## PROBLEM STATEMENT
The response should be an exact transcription of the data below, free of images.

## DATA EXCERPT
= = =
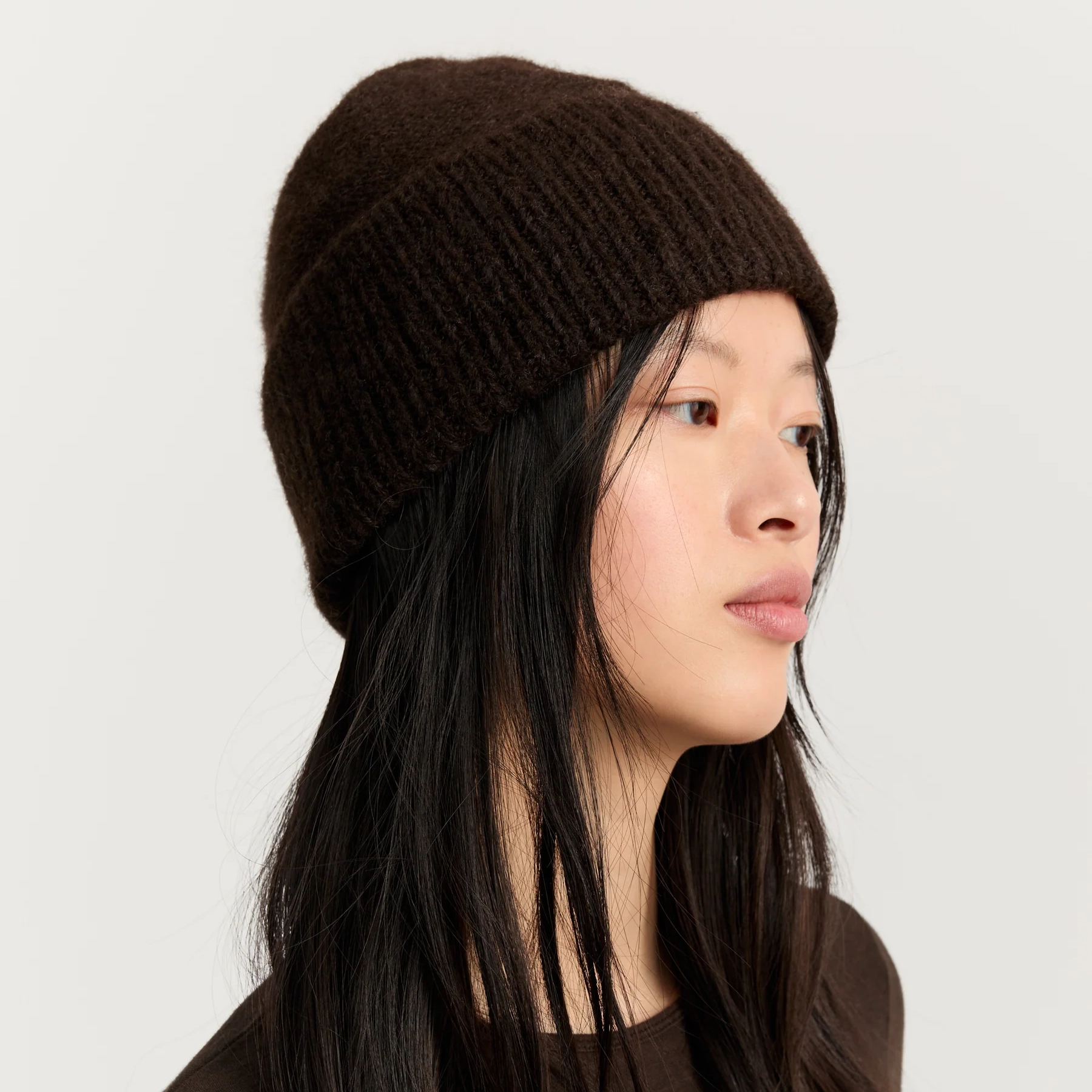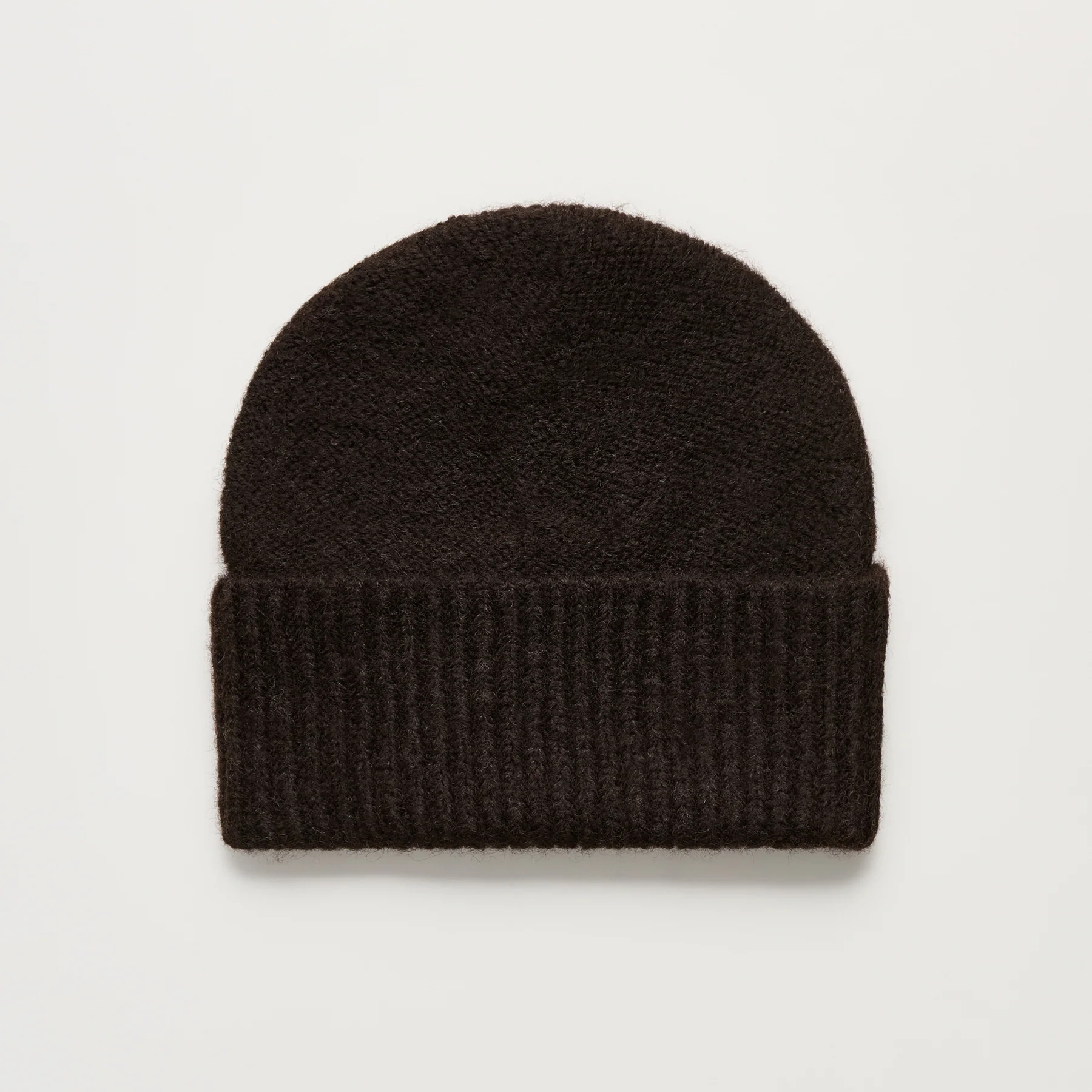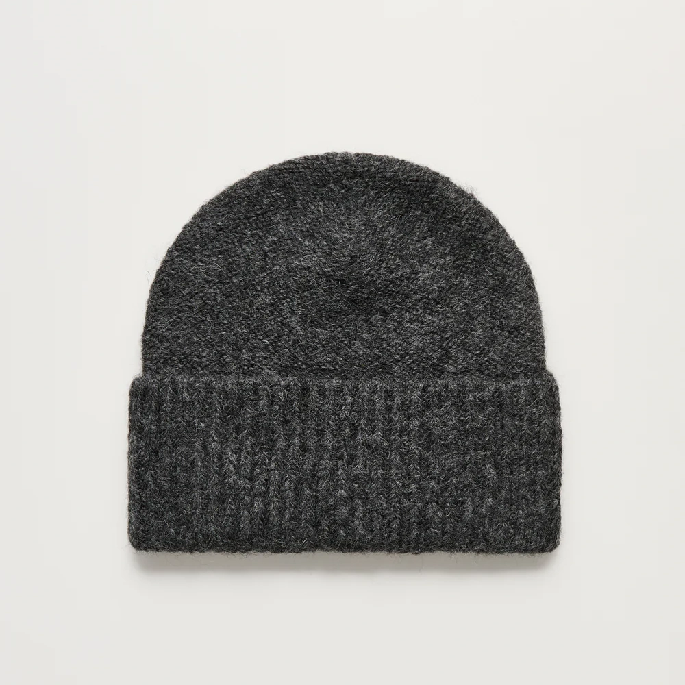 Unisex beanie knitted in an extra soft and fluffy quality of naturally undyed llama wool. Slim fit with a wide ribbed edge that can be folded up. Aiayu Shared is our selection of unisex styles, inspired by the shared wardrobe. Timeless pieces made from our pure signature materials, offered in an extended size range to suit everyone.
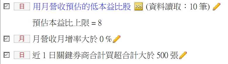 第三個條件是一個選股腳本,腳本的程式碼如下
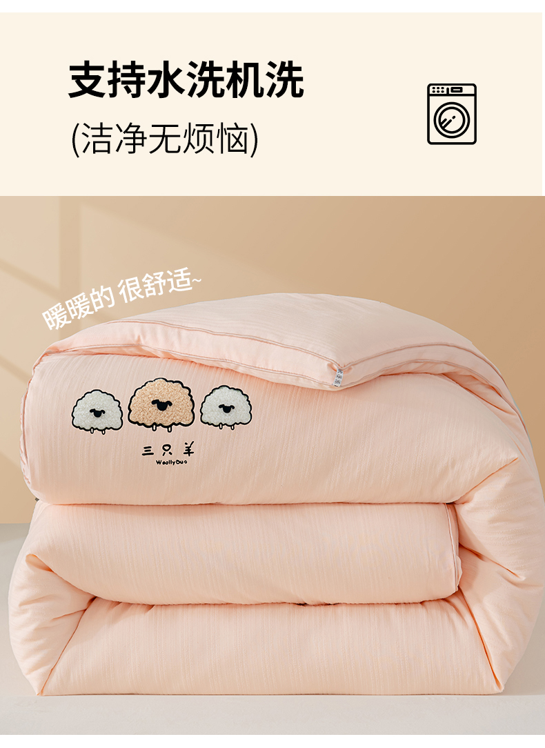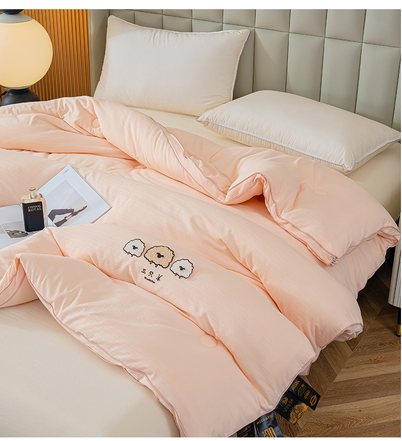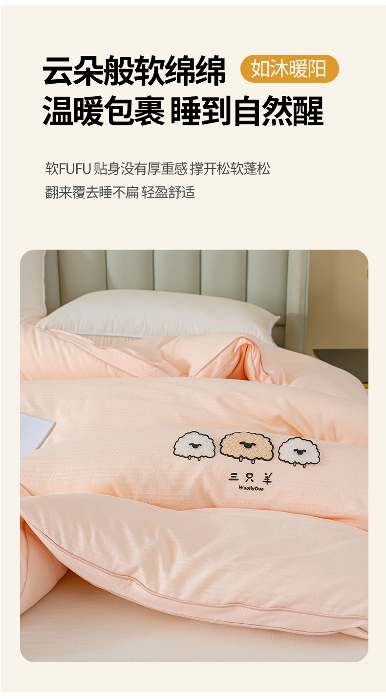 • 91家纺网 家纺一手货源 找家纺 蓝冰家纺 2025新款羊提花被被子被芯 三只羊-浅玉色
= = =
## OUTPUT BELOW
 Unisex beanie knitted in an extra soft and fluffy quality of naturally undyed llama wool. Slim fit with a wide ribbed edge that can be folded up. Aiayu Shared is our selection of unisex styles, inspired by the shared wardrobe. Timeless pieces made from our pure signature materials, offered in an extended size range to suit everyone.
 第三個條件是一個選股腳本,腳本的程式碼如下
 • 91家纺网 家纺一手货源 找家纺 蓝冰家纺 2025新款羊提花被被子被芯 三只羊-浅玉色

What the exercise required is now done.